Start of Data under study

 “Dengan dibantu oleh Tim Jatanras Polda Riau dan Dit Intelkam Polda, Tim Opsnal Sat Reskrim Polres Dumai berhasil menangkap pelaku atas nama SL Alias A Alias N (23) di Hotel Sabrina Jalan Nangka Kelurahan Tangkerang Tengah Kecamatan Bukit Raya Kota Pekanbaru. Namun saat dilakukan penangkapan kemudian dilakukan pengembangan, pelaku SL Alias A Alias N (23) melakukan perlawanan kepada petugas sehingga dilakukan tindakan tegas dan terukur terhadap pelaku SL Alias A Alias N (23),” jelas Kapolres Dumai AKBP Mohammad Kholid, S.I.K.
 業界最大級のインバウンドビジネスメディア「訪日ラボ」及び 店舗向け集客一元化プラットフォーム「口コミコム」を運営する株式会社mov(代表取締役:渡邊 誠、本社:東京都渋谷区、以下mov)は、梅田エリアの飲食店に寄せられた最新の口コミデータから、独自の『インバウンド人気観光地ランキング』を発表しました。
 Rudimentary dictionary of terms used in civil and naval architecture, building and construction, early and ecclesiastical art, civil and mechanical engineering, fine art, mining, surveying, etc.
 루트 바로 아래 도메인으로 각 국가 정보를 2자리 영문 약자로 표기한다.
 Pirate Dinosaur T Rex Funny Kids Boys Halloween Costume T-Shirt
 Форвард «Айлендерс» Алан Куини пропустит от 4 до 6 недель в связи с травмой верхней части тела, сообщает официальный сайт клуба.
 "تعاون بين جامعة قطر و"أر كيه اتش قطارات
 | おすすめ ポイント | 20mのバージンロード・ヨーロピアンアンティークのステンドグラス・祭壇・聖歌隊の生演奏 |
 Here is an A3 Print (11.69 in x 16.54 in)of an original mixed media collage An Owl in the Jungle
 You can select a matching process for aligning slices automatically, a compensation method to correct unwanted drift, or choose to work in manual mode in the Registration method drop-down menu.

End of Data under study

▶ [Your assignment]
The required result is a verbatim copy of all the entries.

▶ [Expected answer]
 “Dengan dibantu oleh Tim Jatanras Polda Riau dan Dit Intelkam Polda, Tim Opsnal Sat Reskrim Polres Dumai berhasil menangkap pelaku atas nama SL Alias A Alias N (23) di Hotel Sabrina Jalan Nangka Kelurahan Tangkerang Tengah Kecamatan Bukit Raya Kota Pekanbaru. Namun saat dilakukan penangkapan kemudian dilakukan pengembangan, pelaku SL Alias A Alias N (23) melakukan perlawanan kepada petugas sehingga dilakukan tindakan tegas dan terukur terhadap pelaku SL Alias A Alias N (23),” jelas Kapolres Dumai AKBP Mohammad Kholid, S.I.K.
 業界最大級のインバウンドビジネスメディア「訪日ラボ」及び 店舗向け集客一元化プラットフォーム「口コミコム」を運営する株式会社mov(代表取締役:渡邊 誠、本社:東京都渋谷区、以下mov)は、梅田エリアの飲食店に寄せられた最新の口コミデータから、独自の『インバウンド人気観光地ランキング』を発表しました。
 Rudimentary dictionary of terms used in civil and naval architecture, building and construction, early and ecclesiastical art, civil and mechanical engineering, fine art, mining, surveying, etc.
 루트 바로 아래 도메인으로 각 국가 정보를 2자리 영문 약자로 표기한다.
 Pirate Dinosaur T Rex Funny Kids Boys Halloween Costume T-Shirt
 Форвард «Айлендерс» Алан Куини пропустит от 4 до 6 недель в связи с травмой верхней части тела, сообщает официальный сайт клуба.
 "تعاون بين جامعة قطر و"أر كيه اتش قطارات
 | おすすめ ポイント | 20mのバージンロード・ヨーロピアンアンティークのステンドグラス・祭壇・聖歌隊の生演奏 |
 Here is an A3 Print (11.69 in x 16.54 in)of an original mixed media collage An Owl in the Jungle
 You can select a matching process for aligning slices automatically, a compensation method to correct unwanted drift, or choose to work in manual mode in the Registration method drop-down menu.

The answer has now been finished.